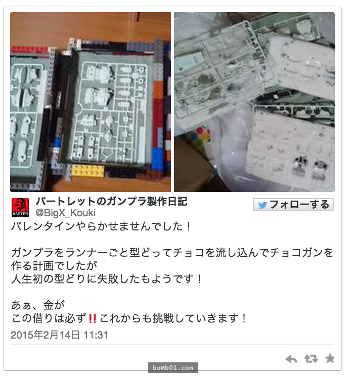 ▼「用鋼彈模型和支架倒入巧克力製作巧克力!人生第一次做失敗也正常的吧!」
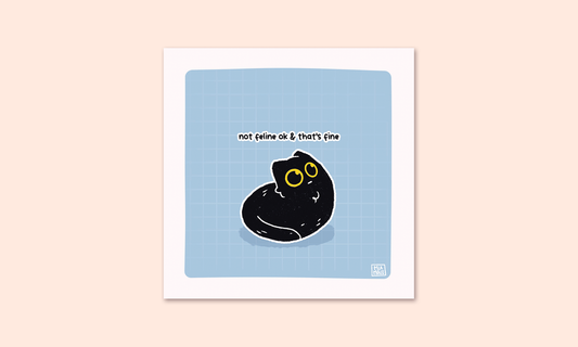 Nicht katzenartig, ok und das ist in Ordnung, 15 x 15 Kunstdruck | Quadratischer Kunstdruck „Schwarze Katze“ in Pastell | Grußkarte | Leinenkarton | Heimdekor | Wandkunst
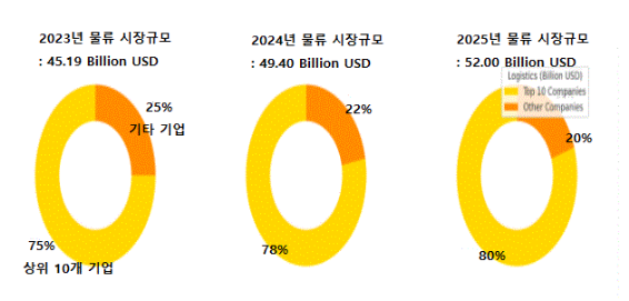 <베트남 물류 시장 규모 및 상위 10대 기업 시장 비중>

### What is needed
Your answer must contain the full data, repeated exactly, without pictures.

### Reply
 ▼「用鋼彈模型和支架倒入巧克力製作巧克力!人生第一次做失敗也正常的吧!」
 Nicht katzenartig, ok und das ist in Ordnung, 15 x 15 Kunstdruck | Quadratischer Kunstdruck „Schwarze Katze“ in Pastell | Grußkarte | Leinenkarton | Heimdekor | Wandkunst
 <베트남 물류 시장 규모 및 상위 10대 기업 시장 비중>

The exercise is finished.